The “snapshot” created by the genomic sequencing technique showed that clusters of olfactory receptor genes, located on different chromosomes, moved toward each other before choosing an olfactory receptor gene. After these genes huddled together, they would work with genetic enhancers to regulate the activity of the genes and create a hotspot for the “chosen” olfactory receptor gene. The team of researchers also found that the protein Ldb1 plays a key role in this process, holding together the hotspot and allowing them to switch on a specific olfactory receptor.

“These teams of genes endow the olfactory system with the ability to respond in diverse ways,” said Dr. Monahan. “The flexibility of this process could help to explain how we easily learn and remember new smells.”

The Nose’s Ability to Defend

In Perfumer & Flavorist’s Recovering a Lost Sense of Smell article, we explored research related to finding a cure for anosmia. While researchers are investigating ways to recover a diminished sense of smell, other research has shed light on our nose’s ability to protect itself.

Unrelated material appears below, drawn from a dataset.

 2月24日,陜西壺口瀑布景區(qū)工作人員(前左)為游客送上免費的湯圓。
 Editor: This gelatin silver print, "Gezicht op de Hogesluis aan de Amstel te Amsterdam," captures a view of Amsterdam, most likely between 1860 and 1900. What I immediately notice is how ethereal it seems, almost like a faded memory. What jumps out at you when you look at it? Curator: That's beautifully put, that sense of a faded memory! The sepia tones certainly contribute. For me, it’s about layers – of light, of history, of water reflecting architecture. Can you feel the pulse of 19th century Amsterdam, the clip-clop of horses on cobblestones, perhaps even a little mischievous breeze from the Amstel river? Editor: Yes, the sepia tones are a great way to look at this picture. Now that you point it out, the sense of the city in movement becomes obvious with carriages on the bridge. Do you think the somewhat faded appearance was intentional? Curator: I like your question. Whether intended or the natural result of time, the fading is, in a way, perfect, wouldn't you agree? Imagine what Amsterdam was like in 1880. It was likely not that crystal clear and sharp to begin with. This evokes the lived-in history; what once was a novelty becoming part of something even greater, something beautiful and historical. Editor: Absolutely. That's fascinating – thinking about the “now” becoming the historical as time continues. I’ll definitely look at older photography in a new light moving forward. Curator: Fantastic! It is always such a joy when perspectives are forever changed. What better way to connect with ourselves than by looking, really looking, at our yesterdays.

In a study conducted by the Monell Chemical Senses Centerb, researchers examined a specific patch of nasal tissue in the olfactory epithelium that contains odor-detecting receptor cells. The focus of the study was specifically on the microvillous cells (MVCs), which they believed served as a defense mechanism against viruses, bacteria and other harmful invaders. Previous studies also suggested that MVCs contain some of the same molecular machinery (markers) as solitary chemosensory cells (SCCs), taste cells that sense irritants and bacteria. To see if SCC molecular markers were present in the olfactory epithelium, scientists examined existing RNA-sequencing data of olfactory tissue from mice.

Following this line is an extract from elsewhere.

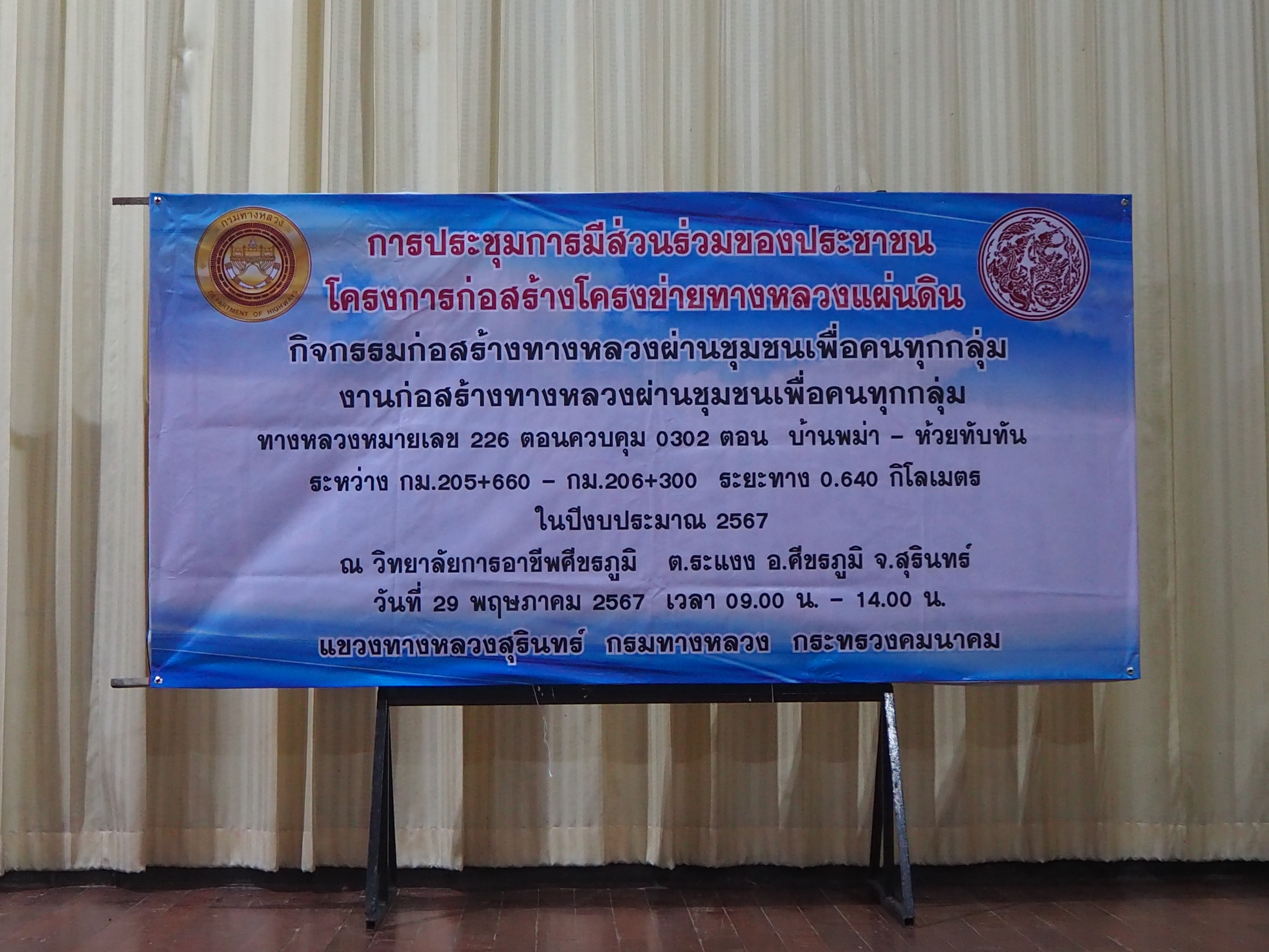 แขวงทางหลวงสุรินทร์ ได้ดำเนินการจัดการมีส่วนร่วมของประชาชน ปีงบประมาณ 2567 โครงการก่อสร้างโครงข่ายทางหลวงแผ่นดิน สำหรับกิจกรรมยกระดับมาตรฐานและเพิ่มประสิทธิภาพทางหลวง ทางหลวงหมายเลข 226 ตอนควบคุม 0302 ตอน บ้านพม่า - ห้วยทับทัน ระหว่าง กม.205+660 - กม.206+300 ระยะทาง 0.640 กิโลเมตร โดยดำเนินการประชุมในวันพุธ ที่ 29 พฤษภาคม 2567 เวลา 09.00 น. - 14.00 น. ณ วิทยาลัยการอาชีพศีขรภูมิ ตำบลระแงง อำเภอศีขรภูมิ จังหวัดสุรินทร์ เสร็จเรียบร้อยแล้ว

From the analysis, they found that six molecular markers characteristics of SCCs were present in the olfactory epithelial tissue. They concluded that these markers might be expressed in the MVCs, since SCCs aren’t present in the olfactory epithelium. To confirm this, the researchers used advanced immunohistochemical techniques specifically for these six molecules to confirm their presence in MVCs. Additional studies also suggest that MVCs work locally within the olfactory epithelium to signal neighboring cells to initiate defensive responses

“The MVCs may represent potential therapeutic targets to aid in maintaining a healthy olfactory system or even to promote regeneration of a damaged olfactory epithelium,” said study senior author Marco Tizzano, Ph.D., a cell biologist at Monell.

Age and Scent

Another field of interest in olfactory science is the relationship between age and ability to smell. Past research has shown the devasting impact of losing a sense of smell, including social isolation, an indicator of larger health issues and overall poorer quality of life.

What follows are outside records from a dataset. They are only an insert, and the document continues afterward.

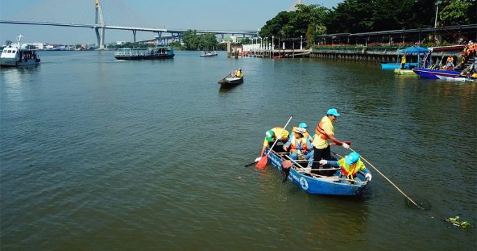 วัดจากแดง จัดกิจกรรมเก็บขยะแม่น้ำเจ้าพระยา รอบเกาะกระเพาะหมู หลังวันลอยกระทงในสมุทรปราการ เพื่อกันขยะและกระทงลอยออกสู่ทะเล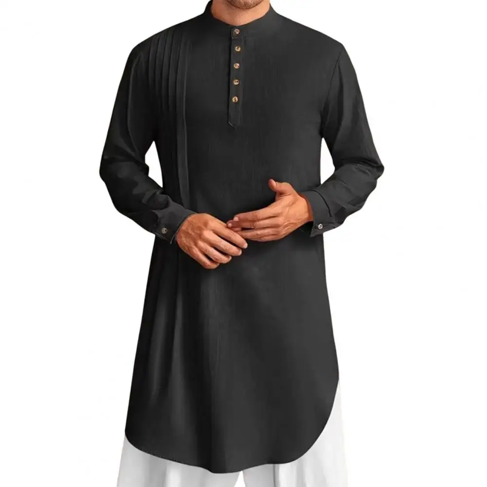 Men's Cotton Linen Kaftan Long Sleeve O-Neck Robe Solid Color Button-up Collar Thobe Breathable Arabic Clothing for Prayers Casual Wear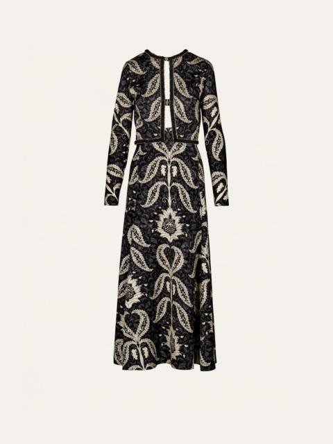 This long dress in silk double georgette features sculptural ruching across the front and shoulders, bringing subtle volume and dimension. Designed with long sleeves and a flared skirt, it offers a refined silhouette. Style with boots or heels for a streamlined look. Size and Fit: True to size. Designed for a relaxed fit. Please refer to our size chart for detailed guidance. Product Details: Closure: Hook And Eye Composition: 94% Viscose, 6% Elastane Fabrication: Jersey Color: Chocolate Made in Colombia Dimensions: Length 37.40''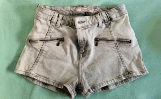 Shorts vaqueros de Bershka con un lavado desgastado. - Diseño de tiro alto. - Dos bolsillos delanteros con cremallera. - Cierre de botón y cremallera. LA ETIQUETA DICE TALLA 40, PERO ES MAS DE TALLA 36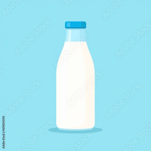 Milk Glass Bottle with Blue Cap Isolated On Light Blue Background in a Clean Minimalist Style
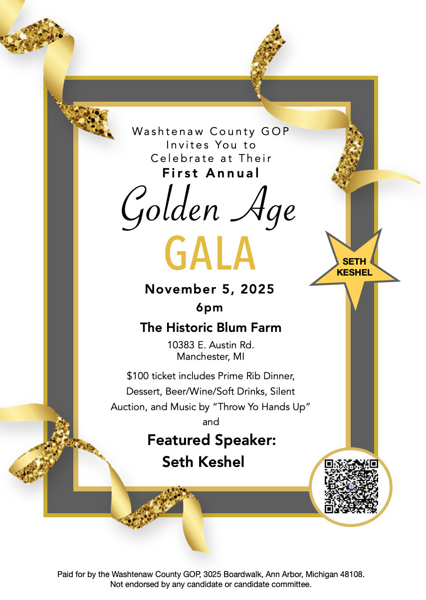 Join us for an unforgettable evening at the Golden Age Gala, hosted by your the official Washtenaw County GOP, as we rally behind President Trump’s bold vision to usher in a new Golden Age for America! Inspired by his promise to restore prosperity, strength, and unity, this event is a vibrant celebration of our shared commitment to making America great again. We'll have an inspiring speaker, live entertainment, a silent auction, and more. Enjoy camaraderie with fellow patriots as we ignite the spirit of optimism and opportunity. Together, let’s pave the way for a thriving future where America shines brighter than ever. Don’t miss this historic night—secure your place in the Golden Age!
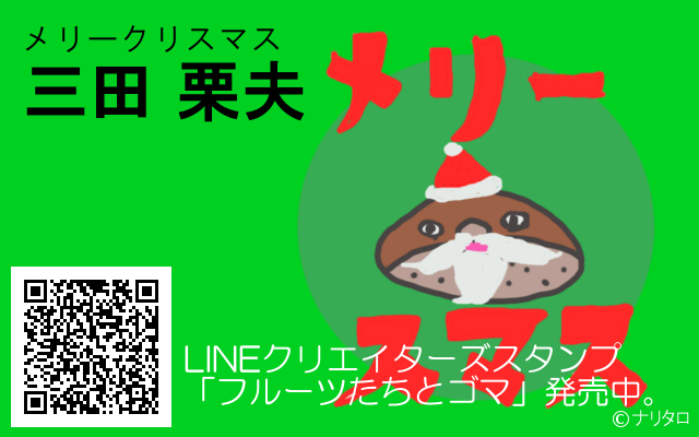 JUGEMテーマ:LINEスタンプ 三田 栗夫 メリークリスマス。三田栗夫は、 LINEクリエイターズスタンプ「フルーツたちとゴマ」のキャラクターです。 きよしこの夜に登場するのは三田栗夫。 ●三田栗夫(1種類) ・「メリー栗スマス」 LINEクリエイターズスタンプ「フルーツたちとゴマ」発売中です。 <おいしい栗の見分け方> 皮に張りと光沢がある栗。 固くてずっしり重い栗。 水に入れたら沈む栗。 【NEWS】 新作のLINEスタンプを6月6日に発売します。 COMING S...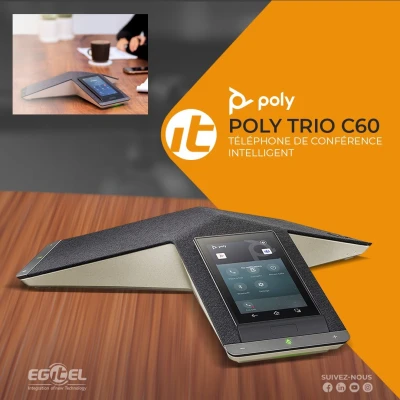 Le Poly Trio C60 est un poste de conférence téléphonique intelligent, idéal pour les moyennes et grandes salles de réunion (+/- 8 personnes). En effet, grâce à ses 3 microphones à 36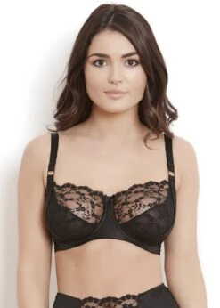 The Sophia Black Bra from Katherine Hamilton combines luxurious vintage charm with modern wearability, designed to create a timeless and elegant look for all seasons. It has perfectly contoured balcony cups without compromising on comfort and fit. Modern romance meets everyday luxury with this exquisite lace bra. Co-ordinate with the Katherine Hamilton Sophia Black Suspender Belt or the Katherine Hamilton Sophia Black String.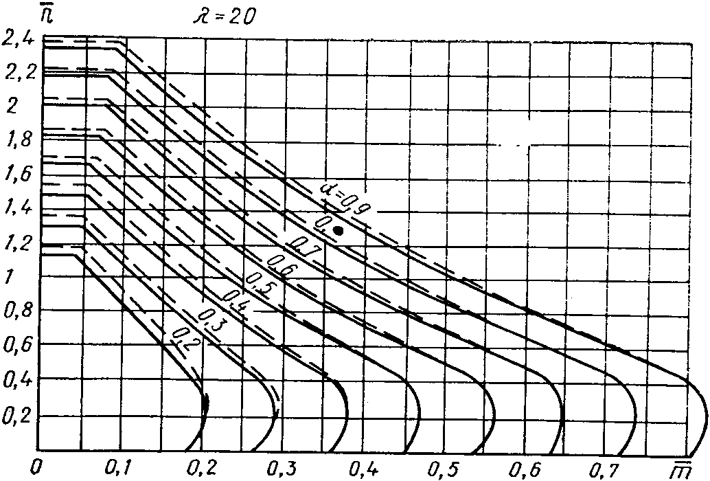 примера 20 от действия полной нагрузки образуются трещины в растянутой зоне, кривизну в середине пролета определяем как для сечения с трещинами по

In a study published in Cell Reportsc, an interdisciplinary research team at Helmholtz Zentrum München and the University Medical Centre Mainz investigated the biological reasons why a sense of smell declines in old age. Knowing that the generation of new neuron in mammals is largely limited to early childhood, the researchers tracked the development of stem cells in the brain of mice over time. The researchers induced individual stem cells and all their descendants (called clones) to light up a specific color and recorded the results on a special confetti report. This allowed researchers to distinguish clones over time by the different colors. Following this, the researchers compared clones found in young and older mice to find out what contribution individual stem cells and intermediates make to the growth of mature olfactory cells.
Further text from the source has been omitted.